A Vancouver-based businessman who played a key role in Mayor Doug McCallum’s two previous election campaigns is suing Surrey Councillor Jack Hundial for defamation.
The lawsuit centres on comments made by Hundial at a Sept. 16 council in which he asked questions about Cheema’s apparent attendance at a Nov. 2, 2018 meeting between McCallum and the Public Safety Minister Mike Farnworth, according to the minister’s online itinerary.
Hundial asked that city staff advise council at its next meeting in what capacity Cheema attended, why he was present, and what advice he provided at the meeting. He also asked why the mayor’s personal friend, with no official status with the City of Surrey, would meet with the solicitor general, noting the topic of the meeting was listed as traffic fine revenue sharing.
In a Notice of Civil Claim filed Oct. 4, Cheema alleges Hundial’s assertions implied he was of “unethical, dishonest and of disreputable character” and denies being at the meeting in question.
“Prior to tabling the Motion and publishing the Statement, Hundial failed to verify whether the plaintiff was present at the Meeting,” the suit states.
The day after Hundial raised the comments, Farnworth’s office told the Now-Leader via email that the minister “did not meet with Bob Cheema.”

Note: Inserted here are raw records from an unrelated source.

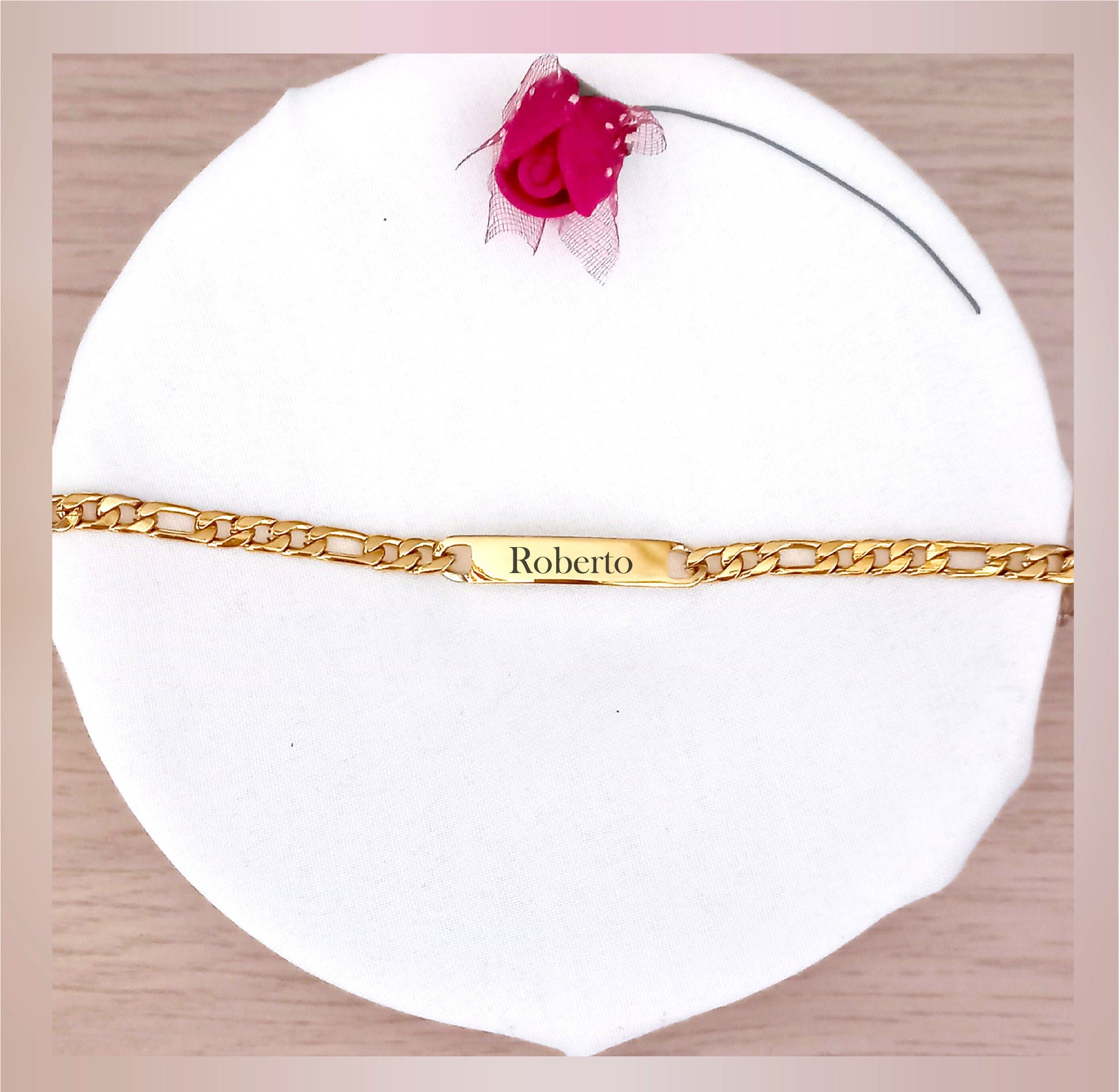 Una pulsera de eslabones de acero para grabar el nombre o fecha con la letra que más te guste.
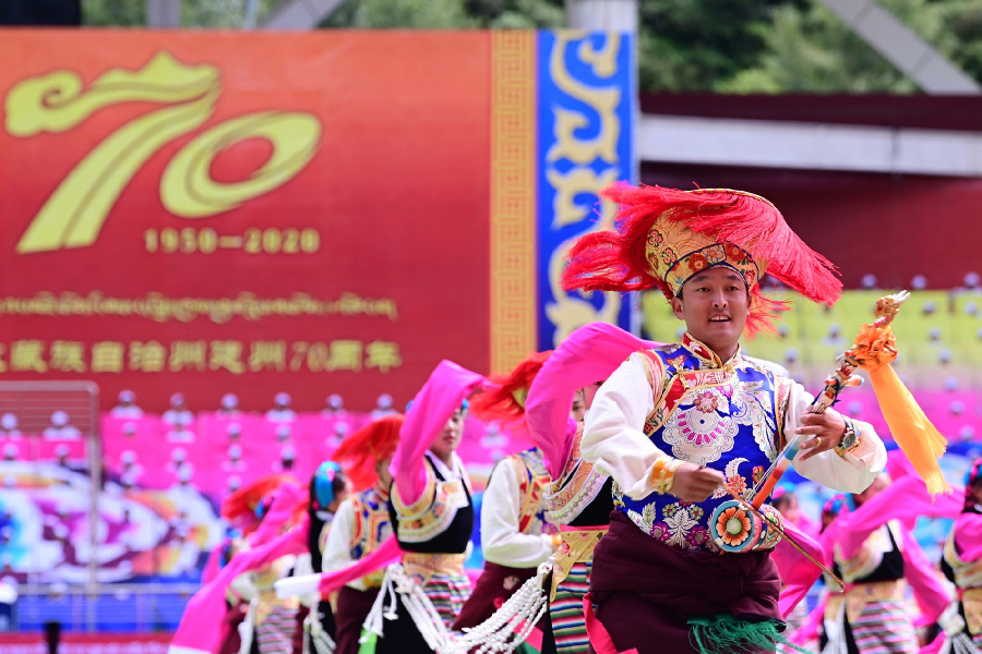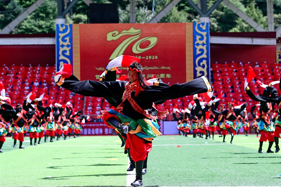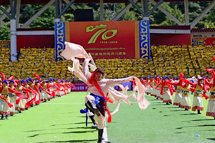 四川甘孜藏族自治州成立70周年慶祝大會群眾文藝演出(央廣網(wǎng)發(fā) 甘孜州委宣傳部供圖)
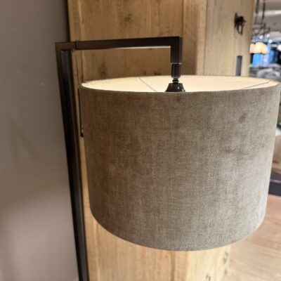 Floor lamp ‘Emma’, made of a metal base and a velvet fabric shade.
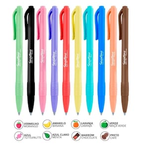 Contém: 01 un - caneta esferográfica newpen sensations perfumada 7mm. A caneta será enviada Tem escrita macia e tinta perfumada. A cor do corpo da caneta é a cor da tinta. Ideal para quem busca praticidade e diversão em suas atividades diárias. Garanta já a sua Composição - comprimento: 14,5cm. Cores/cheiros: Marrom/chocolate Azul claro/menta Vermelho/morango Amarelo/banana Laranja/laranja Rosa/rosas
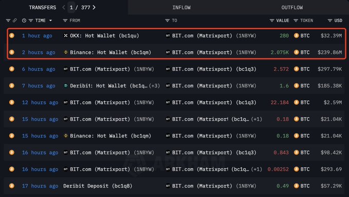 - 매트릭스포트 연계 지갑이 바이낸스와 OKX에 총 95,873 ETH 입금

“Mr. Cheema’s name was referenced in the calendar as he was the one who reached out to book the meeting during the interim period that Mr McCallum was Mayor-elect,” the statement read.
The mayor also denied Cheema’s attendance, saying any suggestion he was is “categorically false” and that Cheema “has never been present at any meetings I’ve had with the minister.”
Cheema argues that by reason of Hundial publishing the motion and making comments to the media he “has been exposed to public scandal and contempt, all of which have caused him personal embarrassment, distress and humiliation.”
He also takes issue with Hundial “implicating” him “in a dispute about municipal politics and public policy” in Surrey.
Cheema’s suit states he asked Hundial, through his lawer, to apologize and retract his comments but that Hundial has not agreed.
Cheema is seeking an injuction to restrain Hundial from speaking to the media, writing, or posting any further comments in the matter. He’s also seeking general, punitive and aggravated damages, arguing “the malicious, high-handed and arrogant conduct of Hundial” warrants it.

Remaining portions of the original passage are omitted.